About Render2Texture

I’m writing a game that will absolutely require the ability to render to a texture.
I hear everyone saying “it’s easy, just render to the backbuffer, then transfer the image to a texture”
The problem is, I need to leave the backbuffer data intact.

This is why. (This is the steps my code takes).

1: Render background.to backbuffer

2: Render model to texture X.
3: Render texture X to backbuffer.
4: Render other miscellaneous objects directly to backbuffer.
5: Repeat steps 2 to 4 between 1 and ~100 times.

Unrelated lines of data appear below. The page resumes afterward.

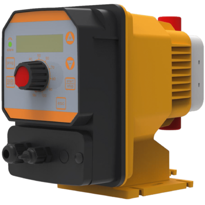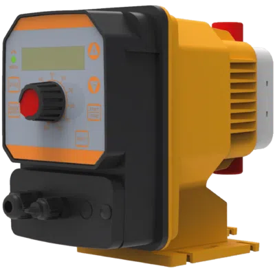 Pompă de dozare electromagnetică digitală, montată pe bază orizontală, cu reglare dublă cursă/frecvență
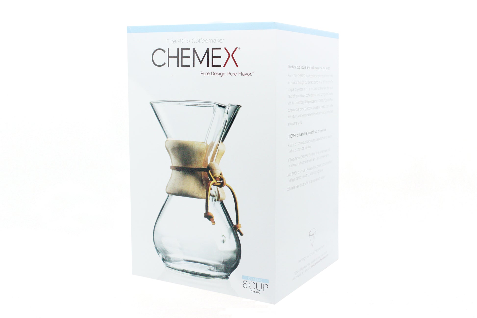 Designed in 1941 by renowned designer Peter Schlumbohm, the Chemex bought soft brewing coffee to the masses. Made from sturdy heat resistant glass, the Chemex creates a clean cup of coffee over and over again. This Chemex can brew up to 900ml or 6 cups of coffee.
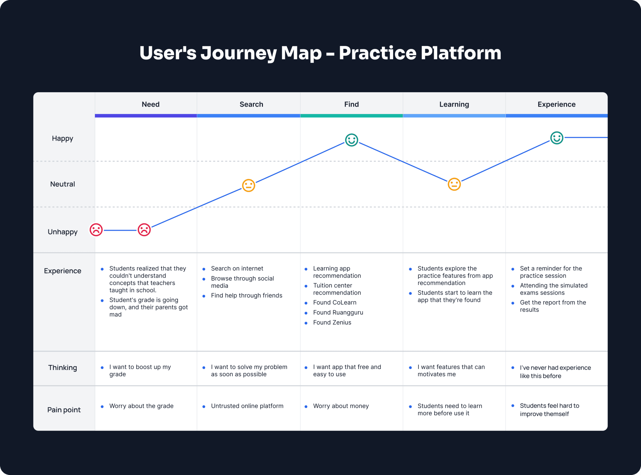 We try to explore the problem by creating a customer journey. We defined how the student will interact with the Colearn.
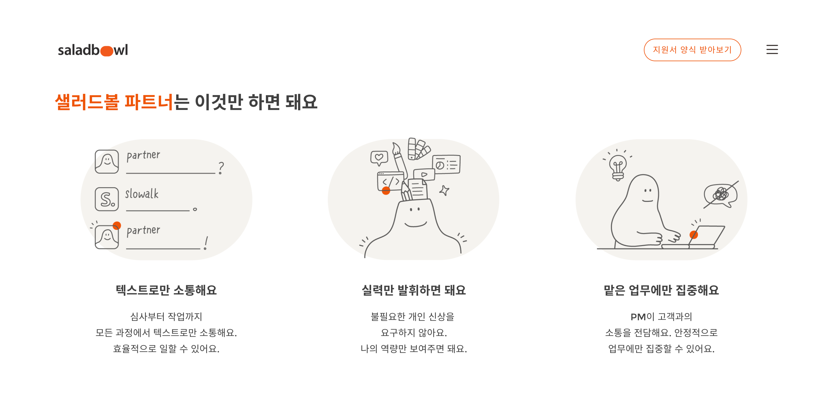 그런 측면에서 프리랜서 및 개인 작업자분들, 우리가 겪고 있는 문제를 일부 해소할 수 있는 방법의 하나일 것 같아요. 너무 고민하지 마시고, 샐러드볼에 지원해보세요~

6: Render foreground and HUD.
7: Flip Buffers.

I could render each model to a separate texture before rendering the background, then render them all on top of each other.
This, however, would be an excessive waste of texture memory.

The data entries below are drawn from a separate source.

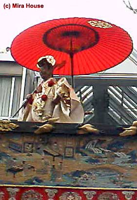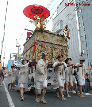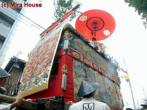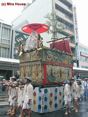 山鉾巡行に雨天順延はない。年によっては梅雨末期大雨にも見舞われる。 多くの山鉾はビニールシートをかぶせたり,雨仕様。 | |
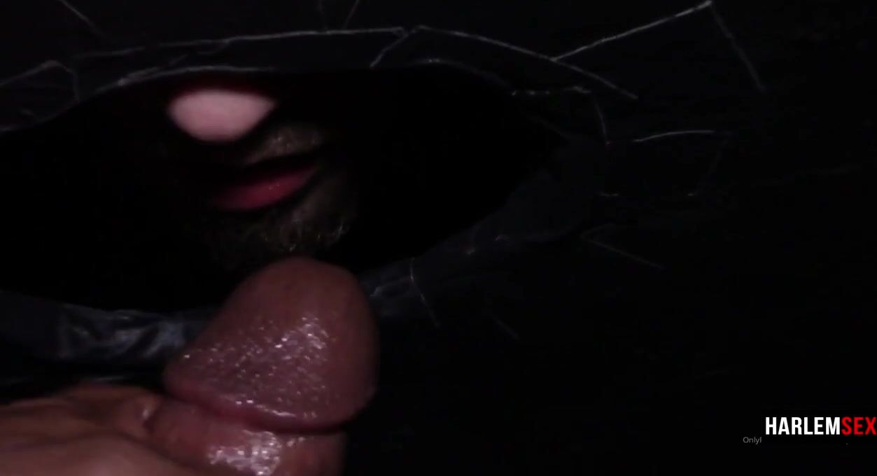 Direct translation: Black guy takes a facial cum shot in a gloryhole. Reformulated and translated into : A man of color masturbates himself to an explosive orgasm in the gloryhole, which is essentially a wall-mounted hole with a perforated partition that separates two rooms, allowing
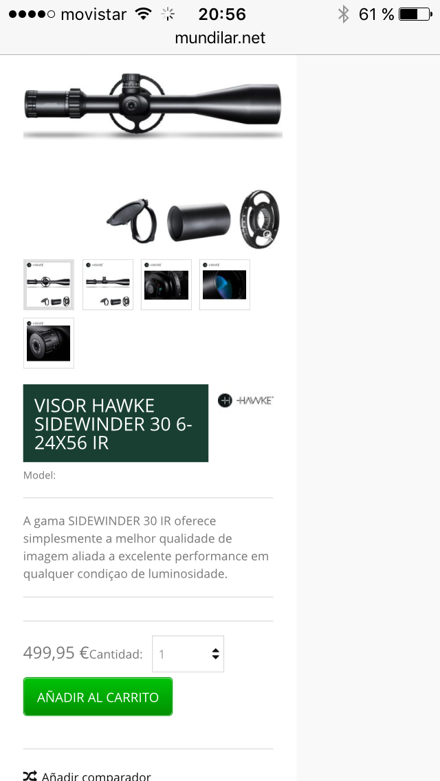 sin animo de crear polemica pero no se donde esta ese incremento de precio,yo compre el 23/02/2015 en mundilar un hawke sidewinder 30 sf 8-32x56 half mildot x20 con tapas metalicas y me costo 368,95 € + 9,95 de porte total 378,90 puesto en casa.el 6-24 x56 es mas barato. y pregunto , donde esta justificada esa subida de precio.
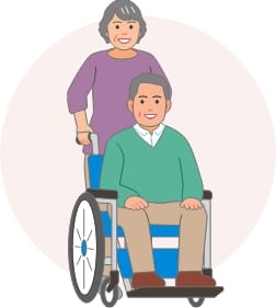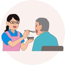 当施設まで通っていただきます。リハビリテーションや食事、入浴、送迎などのサービスを提供し、安心して在宅生活が続けられるように支援します。
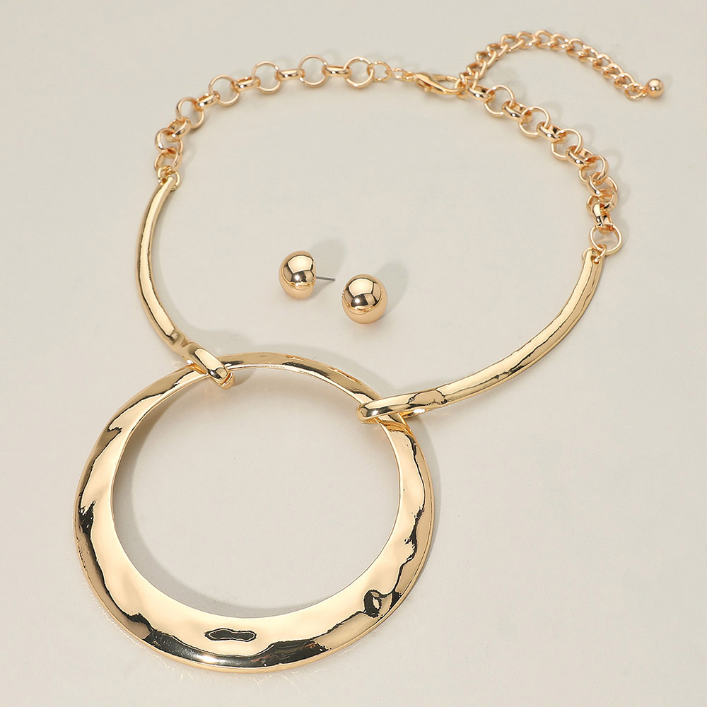 Details • Necklace Size : 17" + 3" L • Decor Size : 3.8" L • Earrings Size : 0.5" L • Elevate your style with this modern circle necklace and matching stud earring set designed for effortless sophistication. Featuring a bold open-ring pendant and sleek chain detail, it’s perfect for daily wear or special occasions, offering versatile elegance and a polished, contemporary finishing touch. • Lead and Nickel Compliant

I can’t seem to find any notes on how to render directly to a texture in OpenGL.
(I haven’t looked particularly hard yet, sorry, but I have other bits of code I want to write …now).

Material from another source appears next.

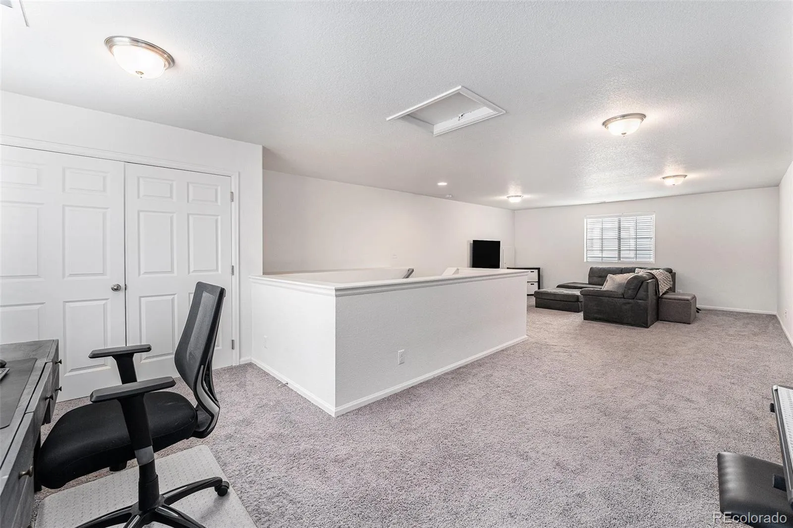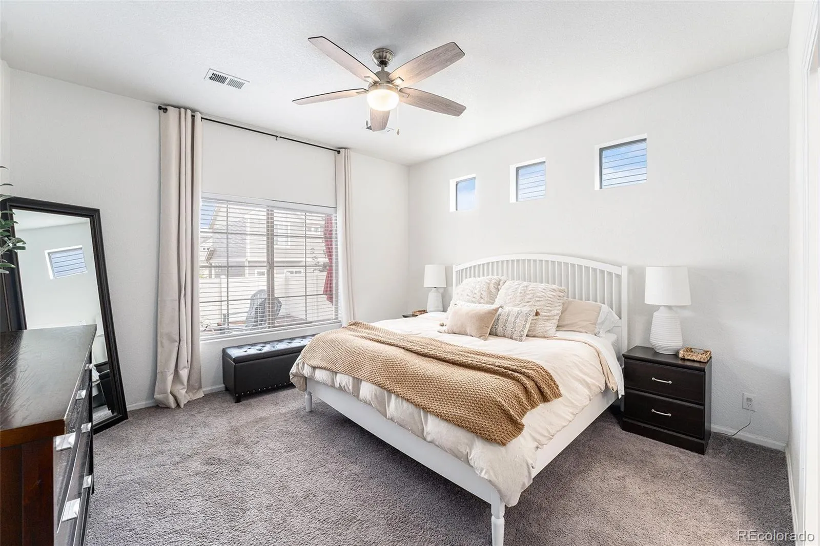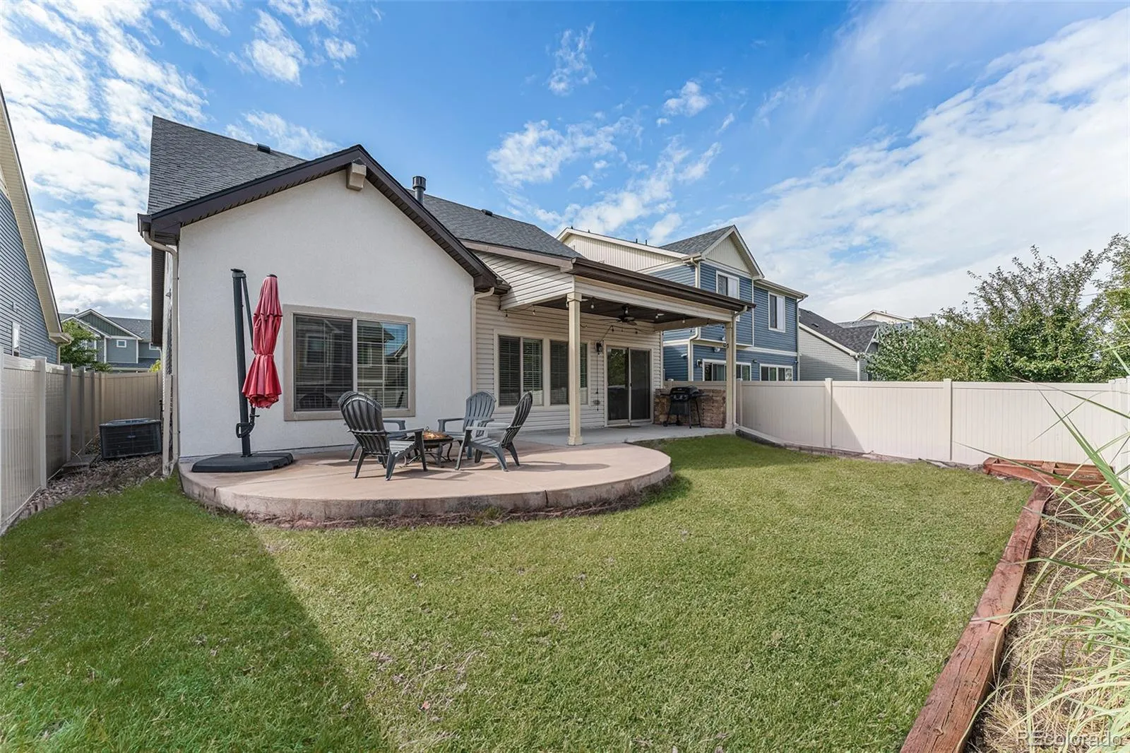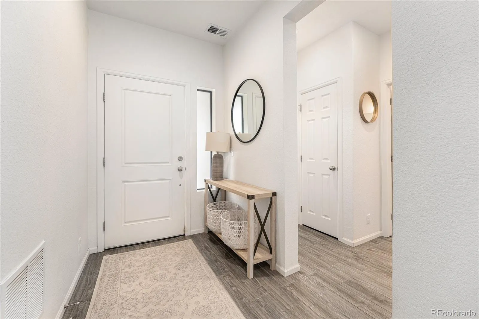 Welcome to this picture-perfect single-family home offering over 2,000 sq. ft. above ground and a thoughtful floor plan with a main-level primary suite. Step inside through the charming covered entry to a bright foyer where you’re instantly welcomed by the open and inviting floor plan. The kitchen is a true showstopper, featuring an expansive two-door pantry, upgraded cabinetry, and a statement island topped in rich granite. Designed for entertaining, the kitchen flows seamlessly into the dining area and spacious living room with a modern tiled gas fireplace. Sliding doors open to your backyard retreat, complete with a full-length patio for sun or shade, a private yard and garden beds ready for flowers or fresh vegetables. The fully fenced yard ensures both privacy and a safe space for pets. The main-floor primary suite boasts a large walk-in closet and double vanity, thoughtfully set apart from a secondary bedroom, full bathroom, and a walk-in laundry room with built-in storage. Upstairs, the large flex space offers endless possibilities—whether you need a media room, home gym, office, guest space, or a combination. *New roof in February 2025!* All appliances and major mechanics are from 2017!* Located just minutes from DIA, Green Valley Ranch Golf Club, Gaylord Rockies Resort, shopping, dining, parks, and schools!

If you can help, you have my thanks.
Simon Hill.

The only way to pull that one off is to use an extensions called ARB_Render_texture (or something like that). Not all implementations support it.

BTW, I hope you don’t expect these operations to be particularly fast. Doing 100 render-to-textures, even without the copy operation, is going to stall your pipeline for a non-insignificant portion of time.

Re: Korval - “I hope you don’t expect these operations to be particularly fast.”

I was actually hoping for it to be reasonably fast. (Only slightly slower than directly rendering to the backbuffer, but with the advantage of not having to do depth-sorting)

The reason being, I assumed rendering the models to the texture should take the same amount of time as rendering to the depth buffer. (Is this right?)

The only extra operations are:
1: The zeroing of the depth and alpha channels of the texture target before the render2texture. (And possibly the creation/deletion of the texture target)
2: The render/blit of the texture to the backbuffer.

Am I missing something here that is going to slow this process down? Is it slower to render to a texture surface than the backbuffer?